WORK REQUIRED:
Count up the lines of the data below that contain the string "with", then give only the total.

DATA FOR ANALYSIS:
= Beginning of Section =

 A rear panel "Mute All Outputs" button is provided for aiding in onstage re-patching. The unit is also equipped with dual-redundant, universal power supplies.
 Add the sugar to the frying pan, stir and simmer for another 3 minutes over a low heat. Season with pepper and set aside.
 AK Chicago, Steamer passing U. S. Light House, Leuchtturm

= End of Section =
= Beginning of Section =

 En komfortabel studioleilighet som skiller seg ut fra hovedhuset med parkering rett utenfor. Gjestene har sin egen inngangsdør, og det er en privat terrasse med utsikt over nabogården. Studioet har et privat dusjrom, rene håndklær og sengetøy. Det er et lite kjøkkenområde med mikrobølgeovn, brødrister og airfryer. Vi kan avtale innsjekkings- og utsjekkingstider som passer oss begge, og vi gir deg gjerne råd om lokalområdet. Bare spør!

= End of Section =

SOLUTION TO THIS TASK:
2